### Records provided
>>
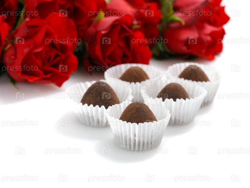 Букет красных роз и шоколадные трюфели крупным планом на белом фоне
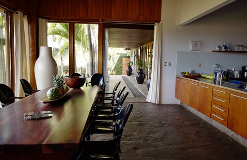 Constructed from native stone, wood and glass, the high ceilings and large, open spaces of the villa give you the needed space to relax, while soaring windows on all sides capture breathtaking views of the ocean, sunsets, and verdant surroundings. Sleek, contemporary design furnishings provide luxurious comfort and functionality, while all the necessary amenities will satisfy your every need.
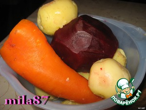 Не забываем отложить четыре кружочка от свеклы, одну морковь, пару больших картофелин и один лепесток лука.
<<
>>
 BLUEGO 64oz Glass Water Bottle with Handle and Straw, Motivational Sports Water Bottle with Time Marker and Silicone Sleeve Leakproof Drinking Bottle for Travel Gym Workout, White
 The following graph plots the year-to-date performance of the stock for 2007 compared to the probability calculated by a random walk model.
<<
### Exercise objective
Give again, word for word, every line of the listing above from the one with "BLUEGO 64oz Glass" to the one with "The following graph", both inclusive, and nothing beyond them.

### Output below
 BLUEGO 64oz Glass Water Bottle with Handle and Straw, Motivational Sports Water Bottle with Time Marker and Silicone Sleeve Leakproof Drinking Bottle for Travel Gym Workout, White
 The following graph plots the year-to-date performance of the stock for 2007 compared to the probability calculated by a random walk model.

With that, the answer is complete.